- _What is needed_
All records are to be reproduced verbatim, with images omitted.

- _Extracted material_
####

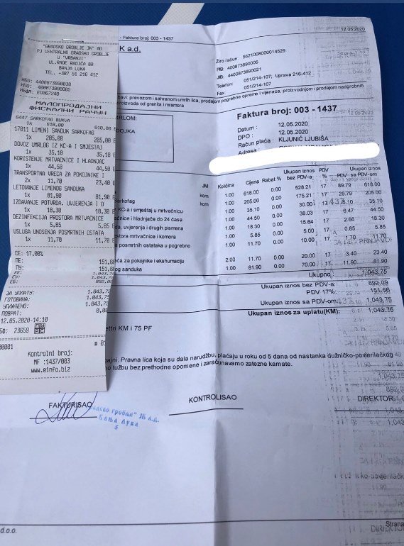 Njeno tijelo, dodaje naš sagovornik, radnici banjalučkog Gradskog groblja su zbrinuli na način kako se to radi sa preminulima koji su bili pozivitivni na virus korona. Rodbini je rečeno da je preminula bila pozitivna na virus, zbog čega su naplatili i specijalne usluge.
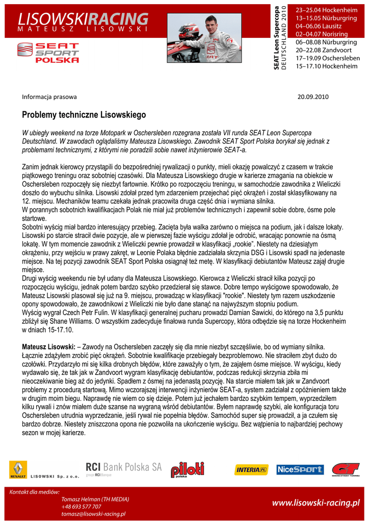 Informacja prasowa 20.09.2010 Problemy techniczne Lisowskiego W ubiegły weekend na torze Motopark w Oschersleben rozegrana została VII runda SEAT Leon Supercopa Deutschland. W zawodach oglądaliśmy Mateusza Lisowskiego. Zawodnik SEAT Sport Polska borykał się jednak z problemami technicznymi, z którymi nie poradzili sobie nawet inżynierowie SEAT-a. Zanim jednak kierowcy przystąpili do bezpośredniej rywalizacji o punkty, mieli okazję powalczyć z czasem w trakcie piątkowego treningu oraz sobotniej czasówki. Dla Mateusza Lisowskiego drugie w karierze zmagania na obiekcie w Oschersleben rozpoczęły się niezbyt fartownie. Krótko po rozpoczęciu treningu, w samochodzie zawodnika z Wieliczki doszło do wybuchu silnika. Lisowski zdołał przed tym zdarzeniem przejechać pięć okrążeń i został sklasyfikowany na 12. miejscu. Mechaników teamu czekała jednak pracowita druga część dnia i wymiana silnika. W porannych sobotnich kwalifikacjach Polak nie miał już problemów technicznych i zapewnił sobie dobre, ósme pole startowe. Sobotni wyścig miał bardzo interesujący przebieg. Zacięta była walka zarówno o miejsca na podium, jak i dalsze lokaty. Lisowski po starcie stracił dwie pozycje, ale w pierwszej fazie wyścigu zdołał je odrobić, wracając ponownie na ósmą lokatę. W tym momencie zawodnik z Wieliczki pewnie prowadził w klasyfikacji „rookie”. Niestety na dziesiątym okrążeniu, przy wejściu w prawy zakręt, w Leonie Polaka błędnie zadziałała skrzynia DSG i Lisowski spadł na jedenaste miejsce. Na tej pozycji zawodnik SEAT Sport Polska osiągnął też metę. W klasyfikacji debiutantów Mateusz zajął drugie miejsce. Drugi wyścig weekendu nie był udany dla Mateusza Lisowskiego. Kierowca z Wieliczki stracił kilka pozycji po rozpoczęciu wyścigu, jednak potem bardzo szybko przedzierał się stawce. Dobre tempo wyścigowe spowodowało, że Mateusz Lisowski plasował się już na 9. miejscu, prowadząc w klasyfikacji "rookie". Niestety tym razem uszkodzenie opony spowodowało, że zawodnikowi z Wieliczki nie było dane stanąć na najwyższym stopniu podium. Wyścig wygrał Czech Petr Fulin. W klasyfikacji generalnej pucharu prowadzi Damian Sawicki, do którego na 3,5 punktu zbliżył się Shane Williams. O wszystkim zadecyduje finałowa runda Supercopy, która odbędzie się na torze Hockenheim w dniach 15-17.10. Mateusz Lisowski: – Zawody na Oschersleben zaczęły się dla mnie niezbyt szczęśliwie, bo od wymiany silnika. Łącznie zdążyłem zrobić pięć okrążeń. Sobotnie kwalifikacje przebiegały bezproblemowo. Nie straciłem zbyt dużo do czołówki. Przydarzyło mi się kilka drobnych błędów, które zaważyły o tym, że zająłem ósme miejsce. W wyścigu, kiedy wydawało się, że tak jak w Zandvoort wygram klasyfikację debiutantów, podczas redukcji skrzynia zbiła mi nieoczekiwanie bieg aż do jedynki. Spadłem z ósmej na jedenastą pozycję. Na starcie miałem tak jak w Zandvoort problemy z procedurą startową. Mimo wczorajszej interwencji inżynierów SEAT-a, system zadziałał z opóźnieniem także w drugim moim biegu. Naprawdę nie wiem co się dzieje. Potem już jechałem bardzo szybkim tempem, wyprzedziłem kilku rywali i znów miałem duże szanse na wygraną wśród debiutantów. Byłem naprawdę szybki, ale konfiguracja toru Oschersleben utrudnia wyprzedzanie, jeśli rywal nie popełnia błędów. Samochód super się prowadził, a ja czułem się bardzo dobrze. Niestety zniszczona opona nie pozwoliła na ukończenie wyścigu. Bez wątpienia to najbardziej pechowy sezon w mojej karierze.
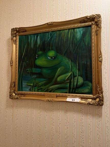 Framed frog painting 23 1/2 inches wide by 20 inches tall
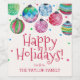 This holiday ornament christmas wine label makes the perfect festive holiday gift. The watercolor design features dangling colourful christmas baubles with red green and blue confetti. Personalise the label with your name.
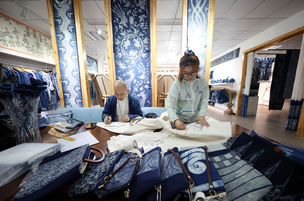 2022年4月7日,在貴州省黔東南苗族侗族自治州丹寨縣寧航蠟染非遺工坊,服飾設(shè)計(jì)師在設(shè)計(jì)蠟染產(chǎn)品。 新華社發(fā)(黃曉海 攝)
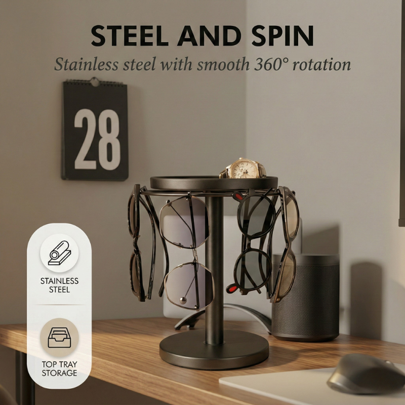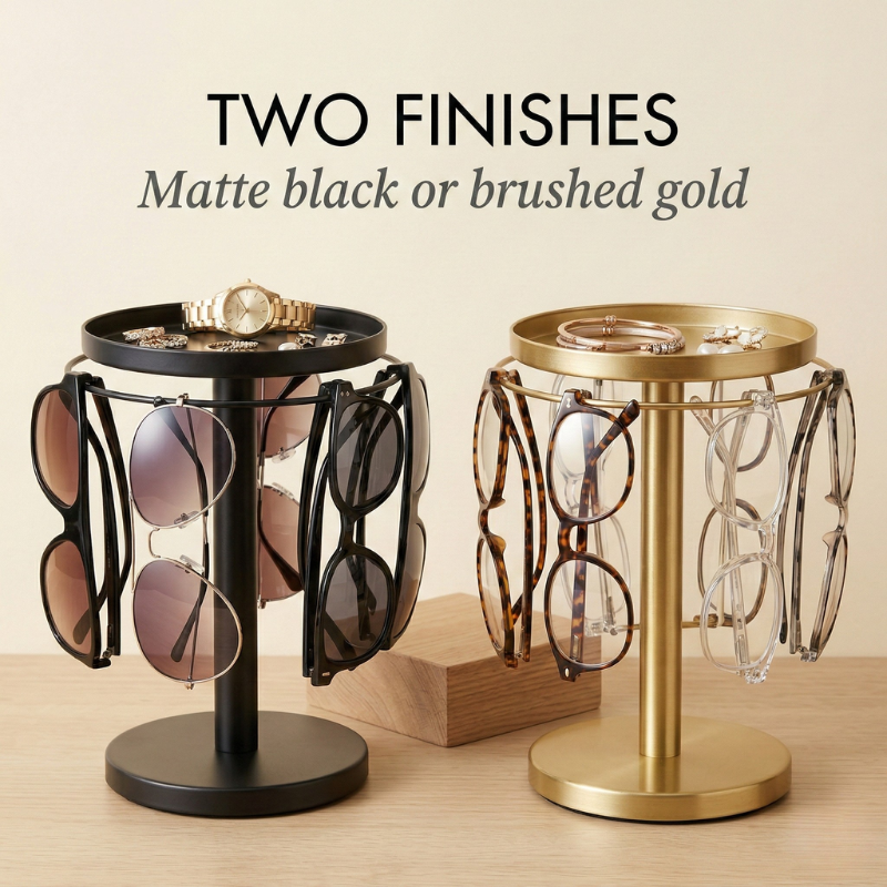 ✔ STOP LOSING GLASSES IN THE CLUTTER - The Pivôt™ holds up to 12 pairs on sturdy rotating hooks, so every pair is visible, accessible, and off your counter in seconds. One spin shows you everything you own.

####

- _Exercise output_
 Njeno tijelo, dodaje naš sagovornik, radnici banjalučkog Gradskog groblja su zbrinuli na način kako se to radi sa preminulima koji su bili pozivitivni na virus korona. Rodbini je rečeno da je preminula bila pozitivna na virus, zbog čega su naplatili i specijalne usluge.
 Informacja prasowa 20.09.2010 Problemy techniczne Lisowskiego W ubiegły weekend na torze Motopark w Oschersleben rozegrana została VII runda SEAT Leon Supercopa Deutschland. W zawodach oglądaliśmy Mateusza Lisowskiego. Zawodnik SEAT Sport Polska borykał się jednak z problemami technicznymi, z którymi nie poradzili sobie nawet inżynierowie SEAT-a. Zanim jednak kierowcy przystąpili do bezpośredniej rywalizacji o punkty, mieli okazję powalczyć z czasem w trakcie piątkowego treningu oraz sobotniej czasówki. Dla Mateusza Lisowskiego drugie w karierze zmagania na obiekcie w Oschersleben rozpoczęły się niezbyt fartownie. Krótko po rozpoczęciu treningu, w samochodzie zawodnika z Wieliczki doszło do wybuchu silnika. Lisowski zdołał przed tym zdarzeniem przejechać pięć okrążeń i został sklasyfikowany na 12. miejscu. Mechaników teamu czekała jednak pracowita druga część dnia i wymiana silnika. W porannych sobotnich kwalifikacjach Polak nie miał już problemów technicznych i zapewnił sobie dobre, ósme pole startowe. Sobotni wyścig miał bardzo interesujący przebieg. Zacięta była walka zarówno o miejsca na podium, jak i dalsze lokaty. Lisowski po starcie stracił dwie pozycje, ale w pierwszej fazie wyścigu zdołał je odrobić, wracając ponownie na ósmą lokatę. W tym momencie zawodnik z Wieliczki pewnie prowadził w klasyfikacji „rookie”. Niestety na dziesiątym okrążeniu, przy wejściu w prawy zakręt, w Leonie Polaka błędnie zadziałała skrzynia DSG i Lisowski spadł na jedenaste miejsce. Na tej pozycji zawodnik SEAT Sport Polska osiągnął też metę. W klasyfikacji debiutantów Mateusz zajął drugie miejsce. Drugi wyścig weekendu nie był udany dla Mateusza Lisowskiego. Kierowca z Wieliczki stracił kilka pozycji po rozpoczęciu wyścigu, jednak potem bardzo szybko przedzierał się stawce. Dobre tempo wyścigowe spowodowało, że Mateusz Lisowski plasował się już na 9. miejscu, prowadząc w klasyfikacji "rookie". Niestety tym razem uszkodzenie opony spowodowało, że zawodnikowi z Wieliczki nie było dane stanąć na najwyższym stopniu podium. Wyścig wygrał Czech Petr Fulin. W klasyfikacji generalnej pucharu prowadzi Damian Sawicki, do którego na 3,5 punktu zbliżył się Shane Williams. O wszystkim zadecyduje finałowa runda Supercopy, która odbędzie się na torze Hockenheim w dniach 15-17.10. Mateusz Lisowski: – Zawody na Oschersleben zaczęły się dla mnie niezbyt szczęśliwie, bo od wymiany silnika. Łącznie zdążyłem zrobić pięć okrążeń. Sobotnie kwalifikacje przebiegały bezproblemowo. Nie straciłem zbyt dużo do czołówki. Przydarzyło mi się kilka drobnych błędów, które zaważyły o tym, że zająłem ósme miejsce. W wyścigu, kiedy wydawało się, że tak jak w Zandvoort wygram klasyfikację debiutantów, podczas redukcji skrzynia zbiła mi nieoczekiwanie bieg aż do jedynki. Spadłem z ósmej na jedenastą pozycję. Na starcie miałem tak jak w Zandvoort problemy z procedurą startową. Mimo wczorajszej interwencji inżynierów SEAT-a, system zadziałał z opóźnieniem także w drugim moim biegu. Naprawdę nie wiem co się dzieje. Potem już jechałem bardzo szybkim tempem, wyprzedziłem kilku rywali i znów miałem duże szanse na wygraną wśród debiutantów. Byłem naprawdę szybki, ale konfiguracja toru Oschersleben utrudnia wyprzedzanie, jeśli rywal nie popełnia błędów. Samochód super się prowadził, a ja czułem się bardzo dobrze. Niestety zniszczona opona nie pozwoliła na ukończenie wyścigu. Bez wątpienia to najbardziej pechowy sezon w mojej karierze.
 Framed frog painting 23 1/2 inches wide by 20 inches tall
 This holiday ornament christmas wine label makes the perfect festive holiday gift. The watercolor design features dangling colourful christmas baubles with red green and blue confetti. Personalise the label with your name.
 2022年4月7日,在貴州省黔東南苗族侗族自治州丹寨縣寧航蠟染非遺工坊,服飾設(shè)計(jì)師在設(shè)計(jì)蠟染產(chǎn)品。 新華社發(fā)(黃曉海 攝)
 ✔ STOP LOSING GLASSES IN THE CLUTTER - The Pivôt™ holds up to 12 pairs on sturdy rotating hooks, so every pair is visible, accessible, and off your counter in seconds. One spin shows you everything you own.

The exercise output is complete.